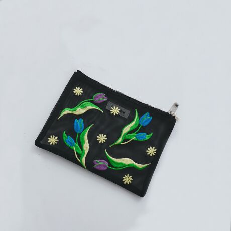 ハリのある丈夫なチュールにお花モチーフの刺繍を施したポーチ.
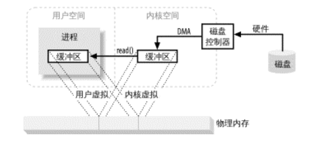 - DMA 控制器直接将磁盘数据传输到一块物理内存(同时映射到内核虚拟地址和用户虚拟地址)。
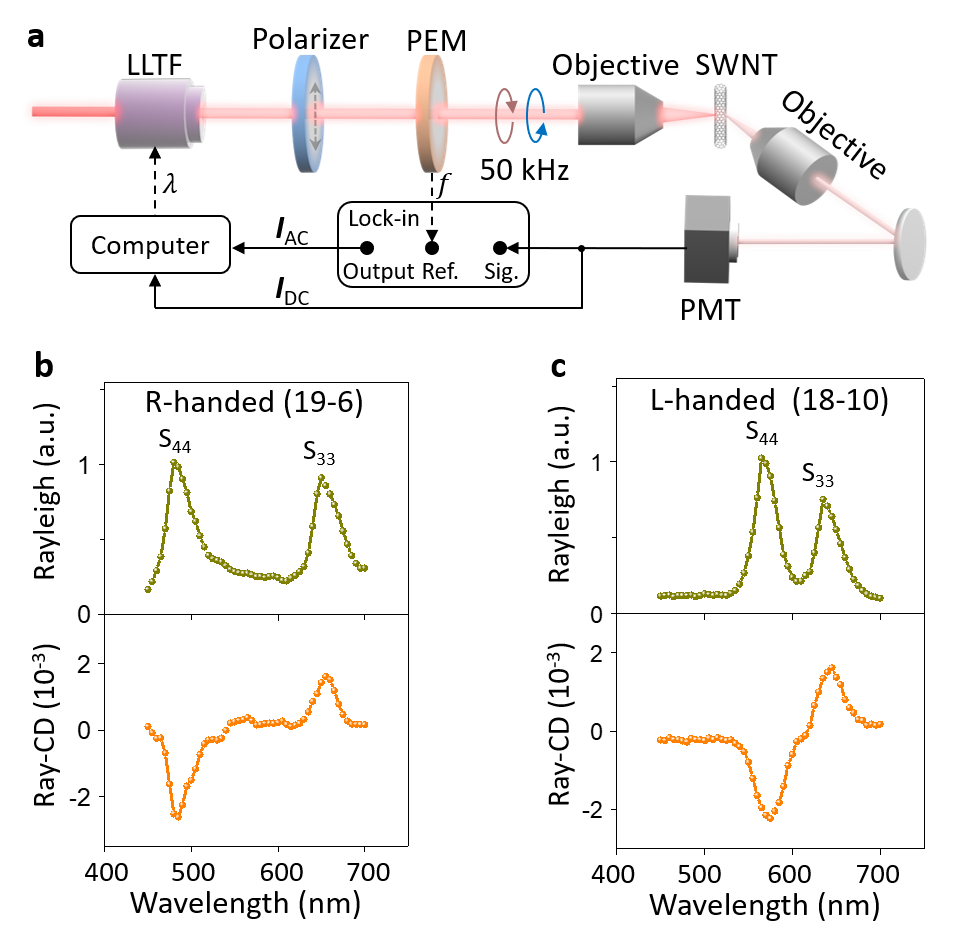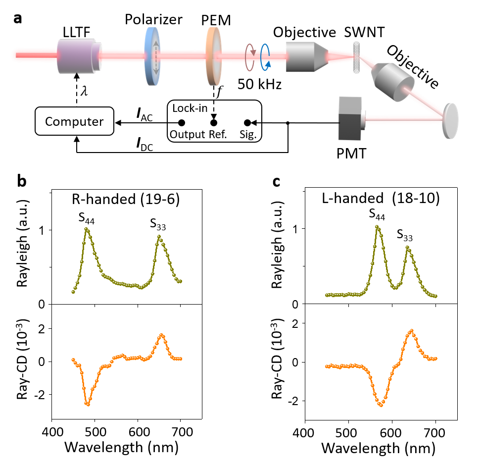 Fig. 2 (a) Schematic of the Ray-CD experimental setup. LLTF, laser line tuneable optical filter; PEM, photoelastic modulator; SWNT, single-walled carbon nanotube; PMT, photomultiplier tube. (b-c) Typical Ray-CD results for two representative nanotubes. Optical transitions were marked above each peak, based on which chiral indices of these nanotubes were determined. Furtherly, their handedness were identified by the signs of Ray-CD at peaks and their type category.
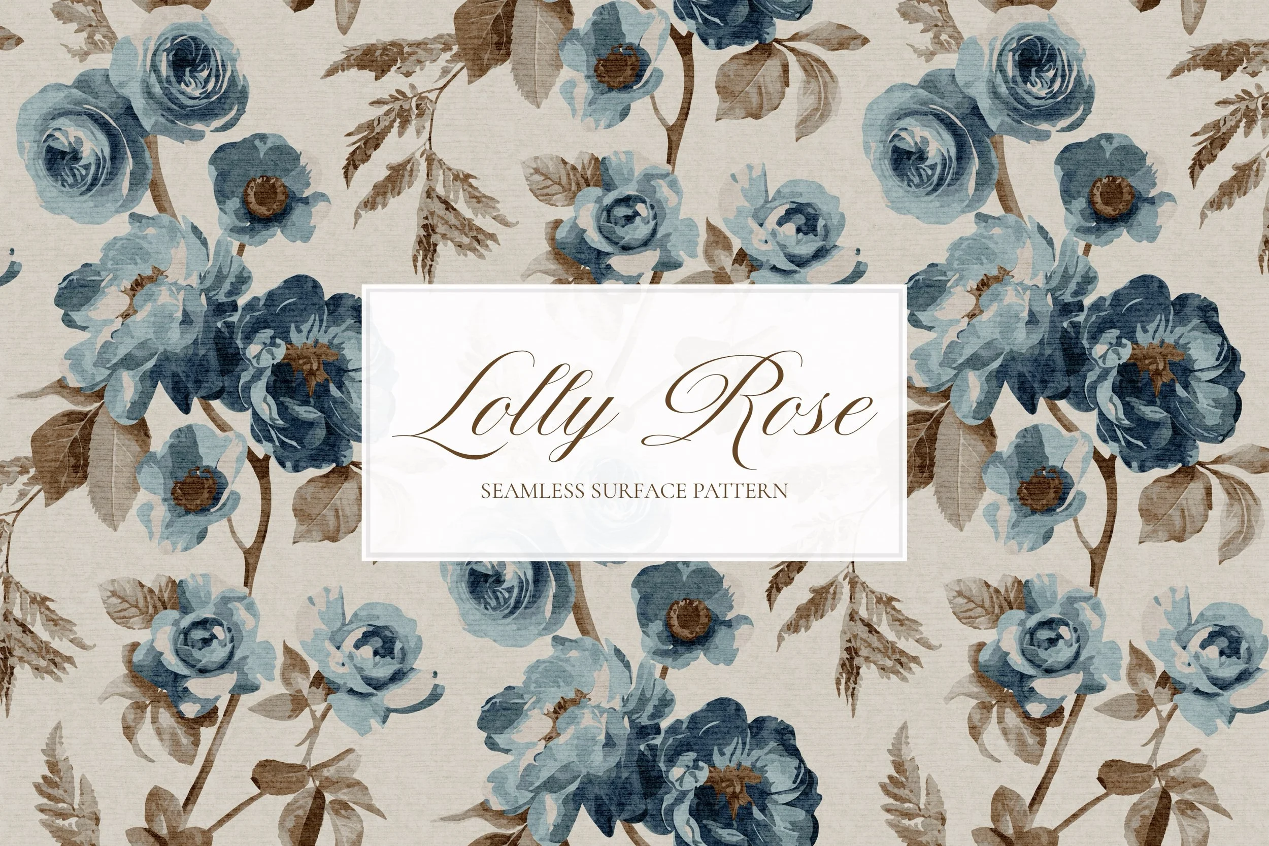 Romantic floral surface / seamless pattern inspired by vintage floral wallpaper and fabric designs. Featuring hand drawn intertwining roses, peonies, and leaves available in mauve, gray, and French blue color ways.
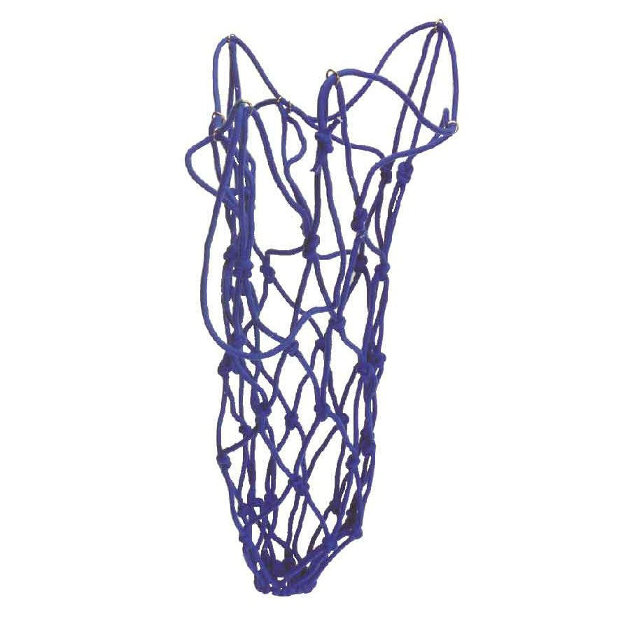 This knotted poly cord net will hold about 25 lbs. of hay. Handy in the stable or the trailer. Comes in blue only!
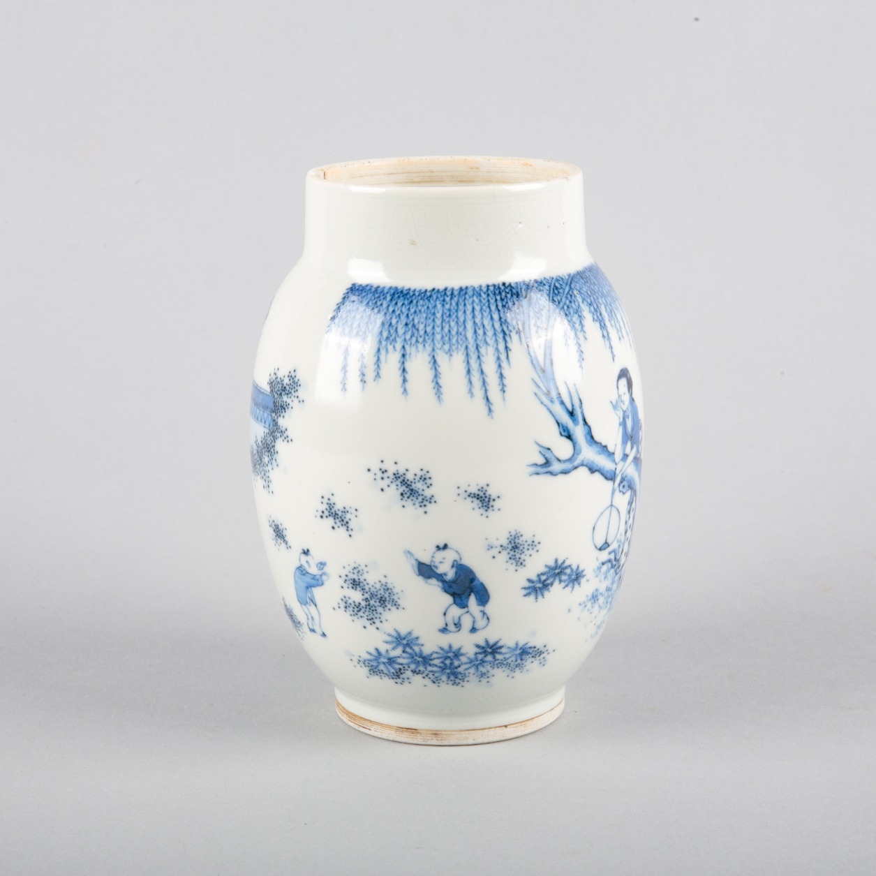probably Transitional period, with bands of anhua decoration to the rim and towards the foot, the body decorated with boys playing in a garden landscape and a woman looking on, 17cm high
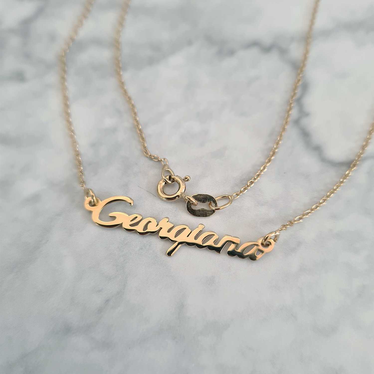 Lantisorul cu nume poate fi realizat din Aur 9K, Aur 14K (galben, alb sau roz) sau din Argint 925, clasic, rodiat sau placat cu Aur 18K (galben sau roz). Fiecare bijuterie este atent finisata manual, astfel incat sa te bucuri de un lantisor cu nume elegant, durabil si potrivit stilului tau personal.
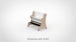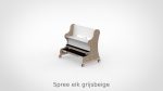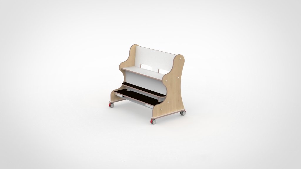 Vervaardigd uit 18 mm FSC-gecertificeerd berkenmultiplex met een slijtvaste witte HPL-toplaag. Vier zwenkwielen met dubbele rem. Babyzitjes en stoelverkleiners optioneel beschikbaar. Het meubel voldoet aan de geldende eisen voor meubilair in de kinderopvang.
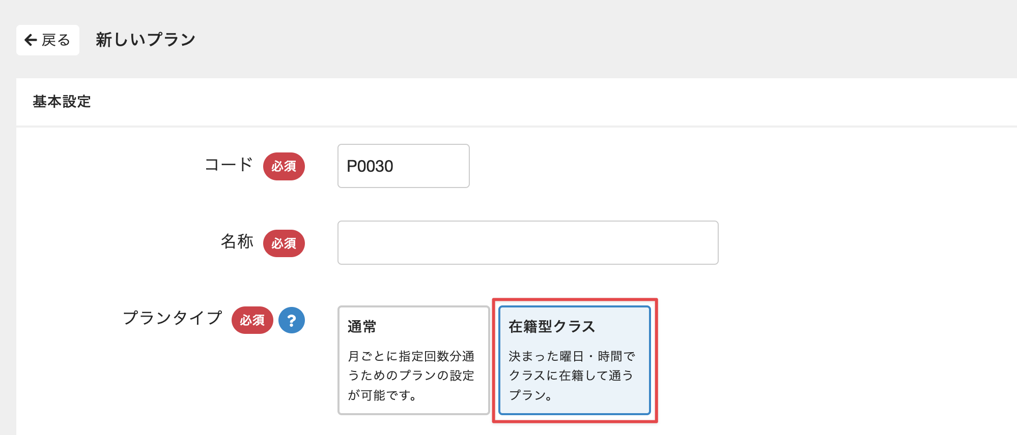 プランマスタの[プランタイプ]に[在籍型クラス]が追加
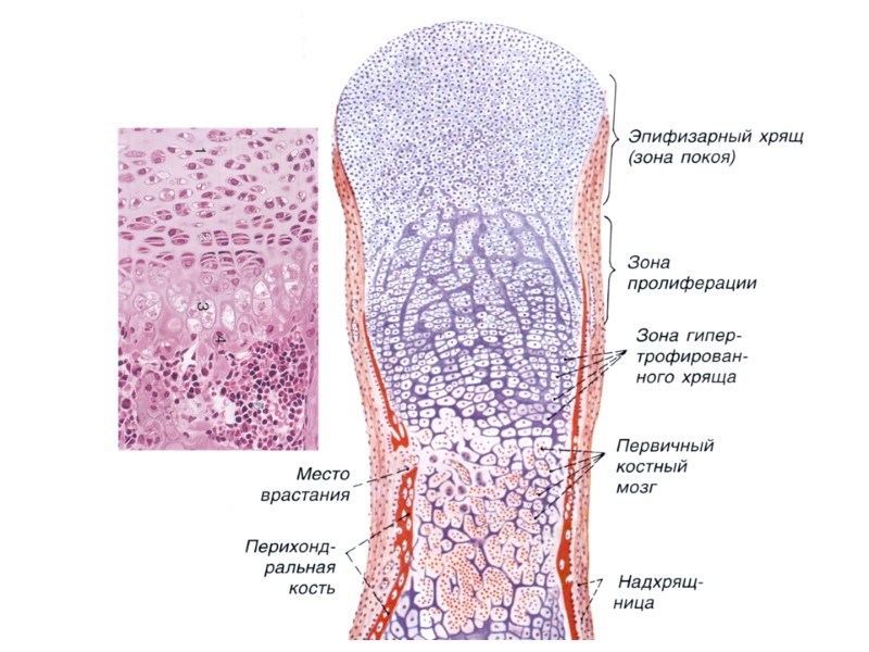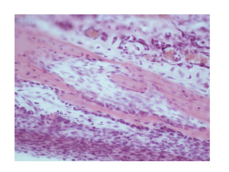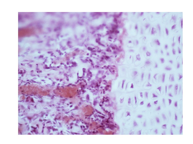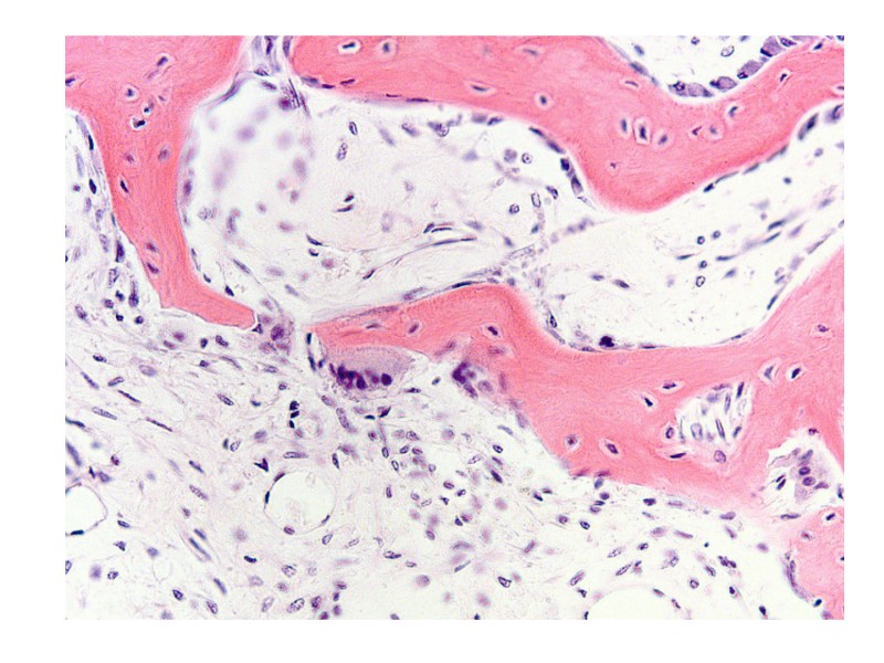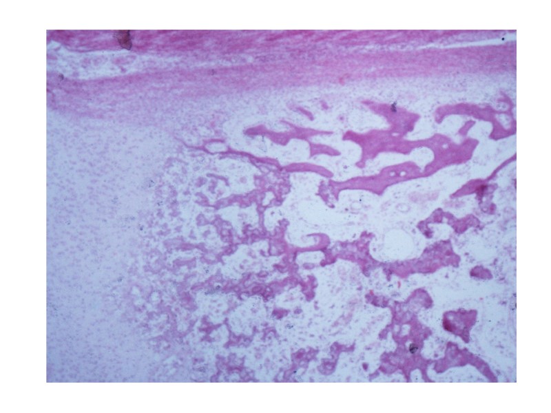Препарат №69 «Развитие костной ткани на месте хряща. Непрямой остеогенез». Окраска гематоксилин-эозин
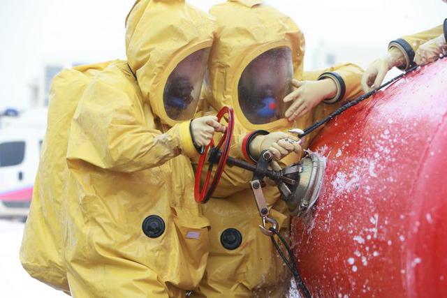 在16日早上進(jìn)行的化工火災(zāi)撲救項(xiàng)目中,現(xiàn)場(chǎng)模擬化工廠露天倉(cāng)庫(kù)存放若干有毒可燃?xì)怏w和液體儲(chǔ)罐,某油罐發(fā)生少量泄漏并形成流淌火,參賽消防員到達(dá)現(xiàn)場(chǎng)后,先通過災(zāi)情偵察,偵檢“泄漏”的危化品,確定泄漏危化品品種后,3分多鐘的時(shí)間消防員完成了滅火和堵漏操作。“針對(duì)我省化工企業(yè)較多的實(shí)際情況,專門設(shè)置本次化工火災(zāi)撲救項(xiàng)目。”湖北省公安消防總隊(duì)?wèi)?zhàn)訓(xùn)處處長(zhǎng)王謀剛說。(何習(xí)文 王方)
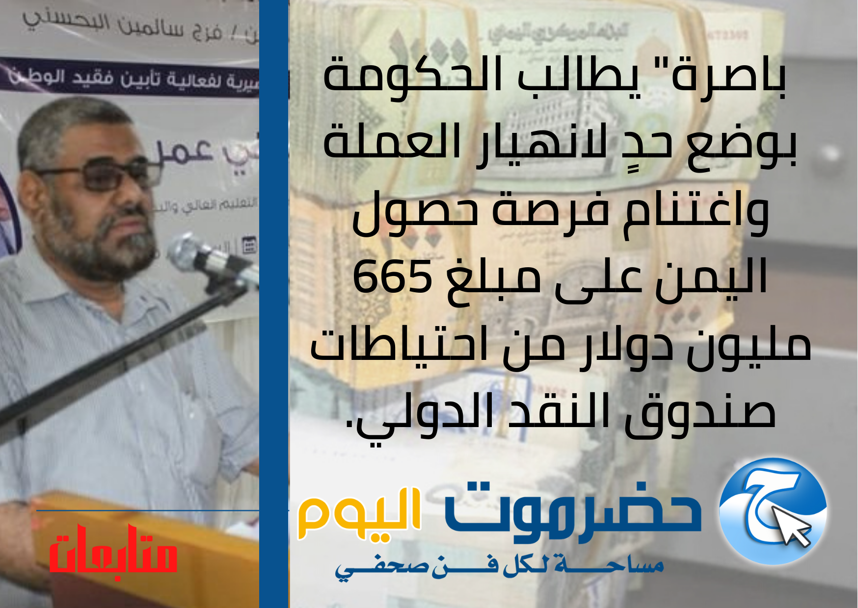 باصرة" يطالب الحكومة بوضع حدٍ لانهيار العملة واغتنام فرصة حصول اليمن على مبلغ 665 مليون دولار من احتياطات

→ **Problem details**:
Leaving the pictures aside, copy exactly and only the lines from the one holding "Vervaardigd uit 18" through the final line of the data, both ends kept.

→ **Output of the task**:
 Vervaardigd uit 18 mm FSC-gecertificeerd berkenmultiplex met een slijtvaste witte HPL-toplaag. Vier zwenkwielen met dubbele rem. Babyzitjes en stoelverkleiners optioneel beschikbaar. Het meubel voldoet aan de geldende eisen voor meubilair in de kinderopvang.
 プランマスタの[プランタイプ]に[在籍型クラス]が追加
Препарат №69 «Развитие костной ткани на месте хряща. Непрямой остеогенез». Окраска гематоксилин-эозин
 在16日早上進(jìn)行的化工火災(zāi)撲救項(xiàng)目中,現(xiàn)場(chǎng)模擬化工廠露天倉(cāng)庫(kù)存放若干有毒可燃?xì)怏w和液體儲(chǔ)罐,某油罐發(fā)生少量泄漏并形成流淌火,參賽消防員到達(dá)現(xiàn)場(chǎng)后,先通過災(zāi)情偵察,偵檢“泄漏”的危化品,確定泄漏危化品品種后,3分多鐘的時(shí)間消防員完成了滅火和堵漏操作。“針對(duì)我省化工企業(yè)較多的實(shí)際情況,專門設(shè)置本次化工火災(zāi)撲救項(xiàng)目。”湖北省公安消防總隊(duì)?wèi)?zhàn)訓(xùn)處處長(zhǎng)王謀剛說。(何習(xí)文 王方)
 باصرة" يطالب الحكومة بوضع حدٍ لانهيار العملة واغتنام فرصة حصول اليمن على مبلغ 665 مليون دولار من احتياطات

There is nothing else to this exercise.